◆ TASK ◆
In the records that follow, locate every line with "your" and extract it.

◆ MATERIAL FOR THIS TASK ◆

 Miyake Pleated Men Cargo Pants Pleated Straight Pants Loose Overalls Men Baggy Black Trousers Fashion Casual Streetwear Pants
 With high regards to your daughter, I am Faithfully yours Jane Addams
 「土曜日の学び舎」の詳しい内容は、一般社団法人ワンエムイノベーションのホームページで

==

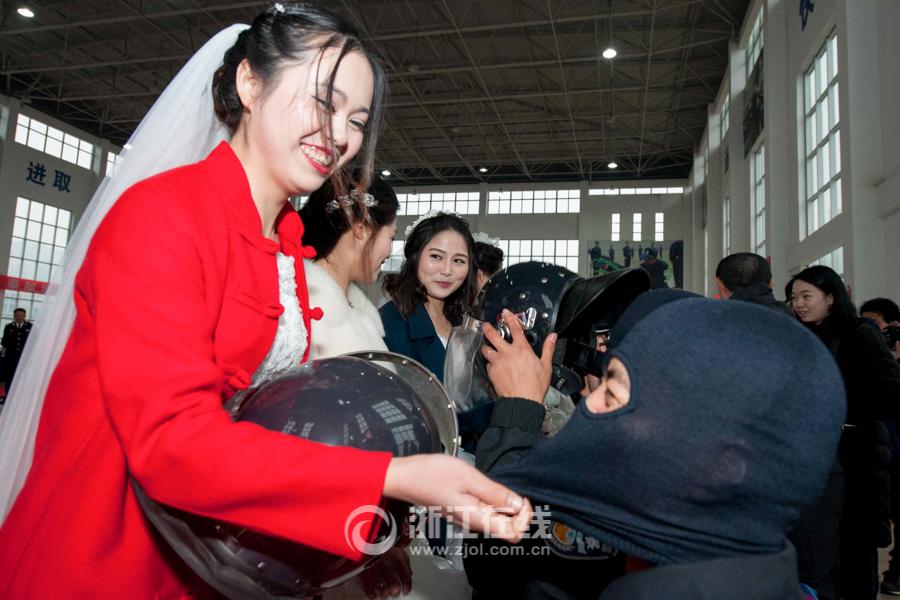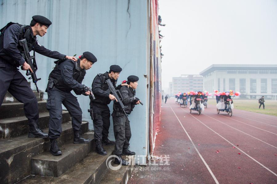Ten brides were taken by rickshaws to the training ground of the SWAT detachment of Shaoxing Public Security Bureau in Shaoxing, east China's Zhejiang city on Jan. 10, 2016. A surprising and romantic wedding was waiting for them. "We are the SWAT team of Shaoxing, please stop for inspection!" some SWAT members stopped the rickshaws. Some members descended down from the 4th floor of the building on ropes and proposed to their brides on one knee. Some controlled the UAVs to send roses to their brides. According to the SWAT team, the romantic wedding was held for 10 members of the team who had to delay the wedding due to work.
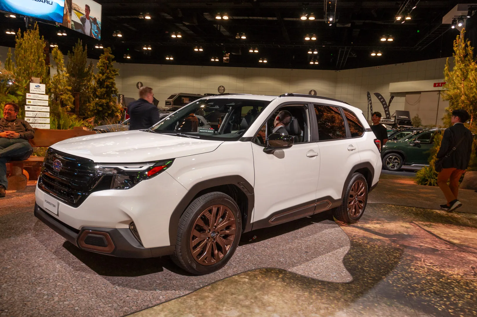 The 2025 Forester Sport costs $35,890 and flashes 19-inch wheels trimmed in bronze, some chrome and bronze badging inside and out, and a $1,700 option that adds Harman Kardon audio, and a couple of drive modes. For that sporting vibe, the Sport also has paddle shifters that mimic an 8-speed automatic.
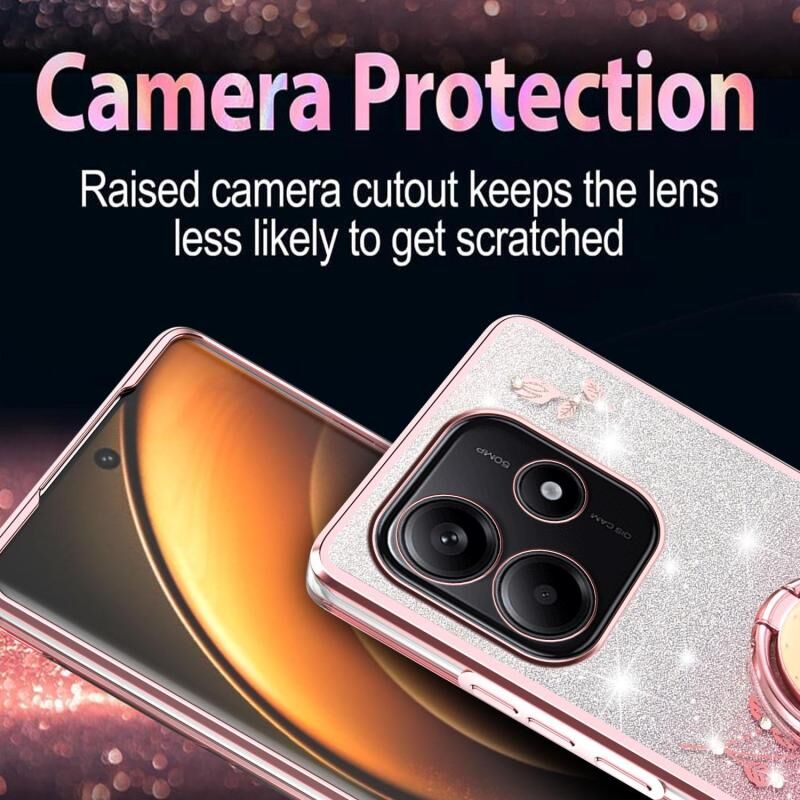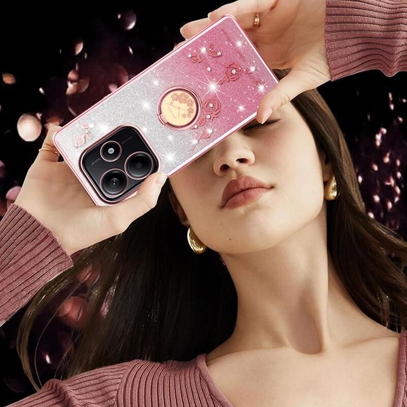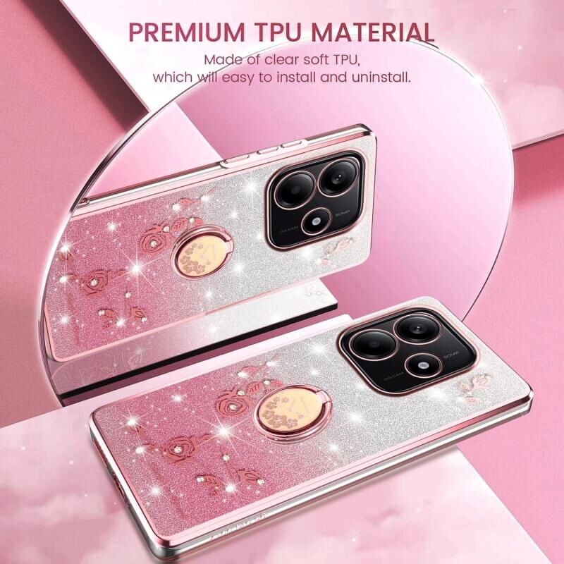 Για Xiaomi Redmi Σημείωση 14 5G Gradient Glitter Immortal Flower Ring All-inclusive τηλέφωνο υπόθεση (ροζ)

==

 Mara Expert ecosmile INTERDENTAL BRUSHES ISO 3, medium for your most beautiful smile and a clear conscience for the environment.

◆ RESULT ◆
 With high regards to your daughter, I am Faithfully yours Jane Addams
 Mara Expert ecosmile INTERDENTAL BRUSHES ISO 3, medium for your most beautiful smile and a clear conscience for the environment.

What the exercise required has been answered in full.